Chaz Williams plays for past, future
— -- AMHERST, Mass. -- He is trapped in a trance. A grown man, reluctantly 9 years old again.
Damn that day.
Massachusetts star Chaz Williams stares at a wall while the images of a father taken too soon roll in the theater of his mind. On this breezy Friday afternoon, he is surrounded by photos of Julius Erving and other UMass greats in the team's film room at the Mullins Center.
The star point guard for an undefeated and nationally ranked UMass squad nibbles on a peanut butter and jelly sandwich but only after he meticulously removes and discards its crust.
"Too much bread," he says.
Once he has taken his snack apart, it's now his turn to unravel.
He loathes this necessary tale, the one that helps strangers understand his makeup.
He slumps forward and his gray, baggy UMass sweatshirt inflates his slight frame. His eyes fill, and slowly, he recalls the moment when everything changed for a hopeful third-grader.
That day, he sprinted into his grandmother's house.
He'd earned a high score on one of his elementary school assignments. And he knew she'd be proud.
His father, if able, would have praised him, too.
But he was sick, she told him. So sick that he had to be transported to a hospice while Chaz was at school.
Calvin Williams always brought his son along whenever he played in his feisty Sunday pickup games at the neighborhood rec center in Brooklyn. That's where the boy fell in love with the game he'd soon hate.
"He never did anything wrong in my eyes," Chaz says.
His father had forgotten things in those final weeks, but Williams still tried to enjoy their limited time together during trips to the hospice.
Sometimes, he'd mistakenly call Chaz by his older brother's name. But Chaz refused to accept the reality that a brain tumor was rapidly stealing his father's mind and his life.

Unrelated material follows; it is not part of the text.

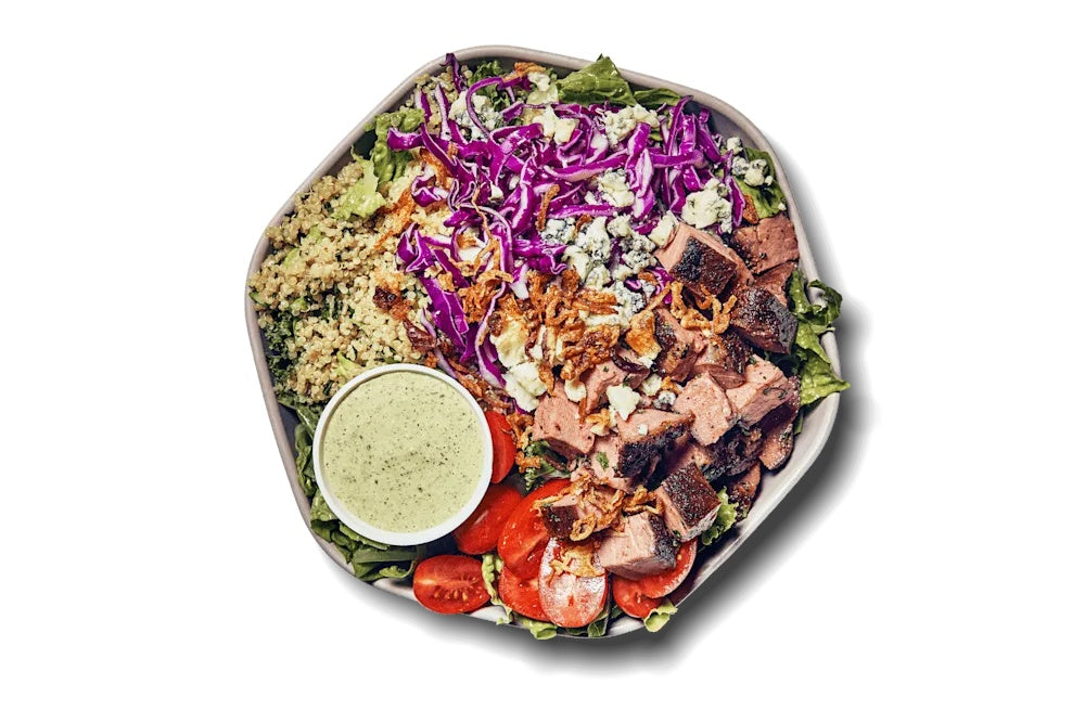 Grass-fed caramelized garlic steak, crispy onions, tomatoes, blue cheese, shredded cabbage, herbed quinoa, chopped romaine and green goddess ranch

Maybe one day he'd come home and discover that his father was well again. Maybe they'd walk to the rec center together and his father would kick the door with the back of his foot three times so that the guys inside would know it was him.
And then, maybe and hope and dreams died one day, evaporating when his grandmother sat him down and told him what he'd always feared. His father was gone.
Thirteen years ago, he lost the hero who always knew his son would overcome all doubts that critics would have about him.
Williams couldn't digest the revelation.
He remembers jumping down a flight of stairs and rushing toward the door.
He had to end the nightmare.
"I just wanted to get hit by a car or something," he says.
Had that happened, however, he would've never had the chance to continue his father's legacy through a 3-year-old princess named Cheree.